▸ **Required action**
Exactly the lines below, starting with the one containing "Descubre el sabor" and going on through the one containing "À l'extérieur, le", must be reproduced, both ends included, and no pictures with them.

▸ **Data extracts**
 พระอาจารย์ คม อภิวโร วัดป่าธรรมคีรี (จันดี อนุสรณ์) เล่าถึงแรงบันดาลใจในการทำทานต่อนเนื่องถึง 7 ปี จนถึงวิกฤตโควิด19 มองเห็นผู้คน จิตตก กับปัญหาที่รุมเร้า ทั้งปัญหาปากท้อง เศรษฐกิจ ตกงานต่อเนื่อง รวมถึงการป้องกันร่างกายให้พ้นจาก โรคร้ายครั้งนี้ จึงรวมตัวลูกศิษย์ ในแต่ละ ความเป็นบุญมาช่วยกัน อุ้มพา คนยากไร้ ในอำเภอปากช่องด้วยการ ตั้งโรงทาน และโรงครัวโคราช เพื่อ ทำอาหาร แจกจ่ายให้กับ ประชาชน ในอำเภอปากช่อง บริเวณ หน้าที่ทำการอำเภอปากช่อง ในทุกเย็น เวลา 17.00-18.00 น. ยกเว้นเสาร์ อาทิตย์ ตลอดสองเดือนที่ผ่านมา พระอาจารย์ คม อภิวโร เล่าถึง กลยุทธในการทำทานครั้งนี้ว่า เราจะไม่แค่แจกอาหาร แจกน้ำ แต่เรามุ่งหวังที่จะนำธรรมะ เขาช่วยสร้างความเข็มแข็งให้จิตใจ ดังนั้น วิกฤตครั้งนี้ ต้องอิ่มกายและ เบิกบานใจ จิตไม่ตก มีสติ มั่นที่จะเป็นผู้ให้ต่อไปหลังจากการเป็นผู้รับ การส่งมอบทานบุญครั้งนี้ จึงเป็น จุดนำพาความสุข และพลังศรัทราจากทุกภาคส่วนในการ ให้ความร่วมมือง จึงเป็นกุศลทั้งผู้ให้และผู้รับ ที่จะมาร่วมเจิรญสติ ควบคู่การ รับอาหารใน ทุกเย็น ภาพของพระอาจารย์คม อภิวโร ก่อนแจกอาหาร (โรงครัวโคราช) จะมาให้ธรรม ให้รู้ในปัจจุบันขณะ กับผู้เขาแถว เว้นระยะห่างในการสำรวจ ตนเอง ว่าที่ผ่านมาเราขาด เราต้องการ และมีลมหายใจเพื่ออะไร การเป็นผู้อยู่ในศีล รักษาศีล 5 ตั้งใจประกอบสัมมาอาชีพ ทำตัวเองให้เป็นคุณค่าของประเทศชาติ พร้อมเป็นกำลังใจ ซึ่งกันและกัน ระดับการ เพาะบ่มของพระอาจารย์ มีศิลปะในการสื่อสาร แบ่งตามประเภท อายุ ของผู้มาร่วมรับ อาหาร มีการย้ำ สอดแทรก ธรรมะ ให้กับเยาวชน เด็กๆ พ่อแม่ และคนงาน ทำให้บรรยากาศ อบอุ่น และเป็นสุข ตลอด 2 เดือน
---
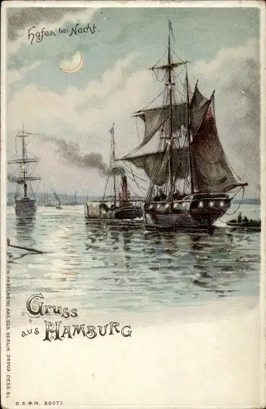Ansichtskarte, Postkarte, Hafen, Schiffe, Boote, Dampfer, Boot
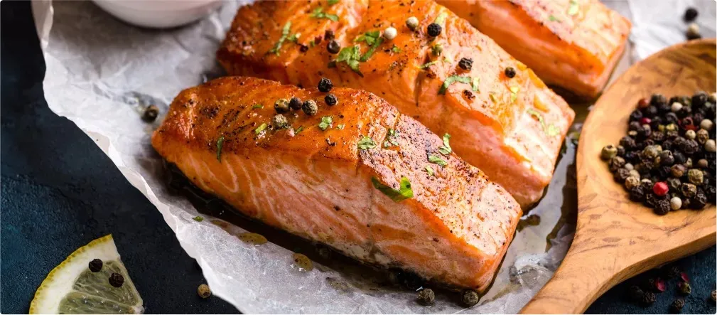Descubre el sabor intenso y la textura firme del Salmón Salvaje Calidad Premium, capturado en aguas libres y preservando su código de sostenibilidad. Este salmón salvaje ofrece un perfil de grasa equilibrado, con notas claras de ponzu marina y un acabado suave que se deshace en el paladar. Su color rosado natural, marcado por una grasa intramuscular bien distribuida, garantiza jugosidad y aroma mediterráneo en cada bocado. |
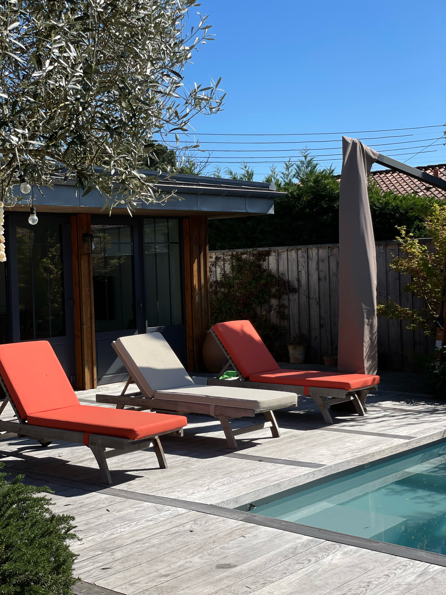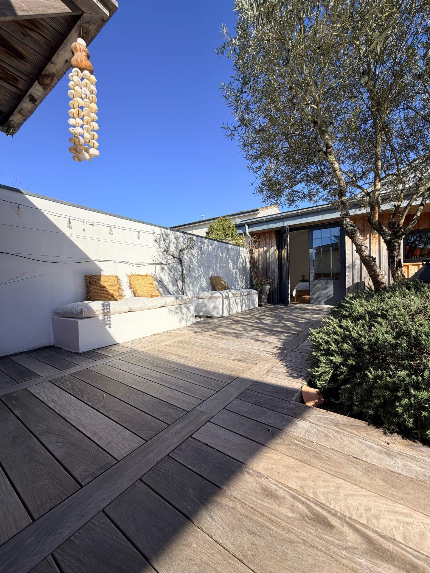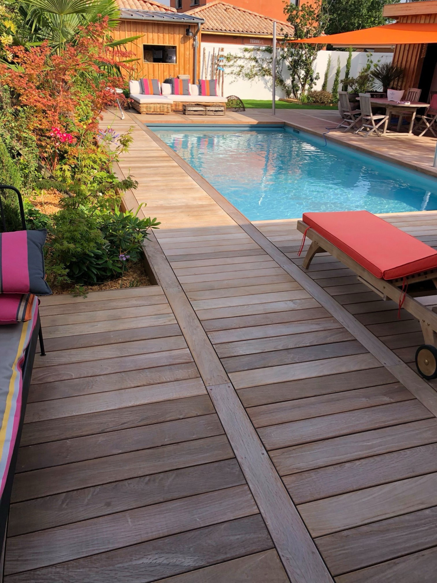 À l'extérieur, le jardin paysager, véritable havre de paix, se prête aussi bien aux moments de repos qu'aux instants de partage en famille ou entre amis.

▸ **Answer to this exercise**
Descubre el sabor intenso y la textura firme del Salmón Salvaje Calidad Premium, capturado en aguas libres y preservando su código de sostenibilidad. Este salmón salvaje ofrece un perfil de grasa equilibrado, con notas claras de ponzu marina y un acabado suave que se deshace en el paladar. Su color rosado natural, marcado por una grasa intramuscular bien distribuida, garantiza jugosidad y aroma mediterráneo en cada bocado. |
 À l'extérieur, le jardin paysager, véritable havre de paix, se prête aussi bien aux moments de repos qu'aux instants de partage en famille ou entre amis.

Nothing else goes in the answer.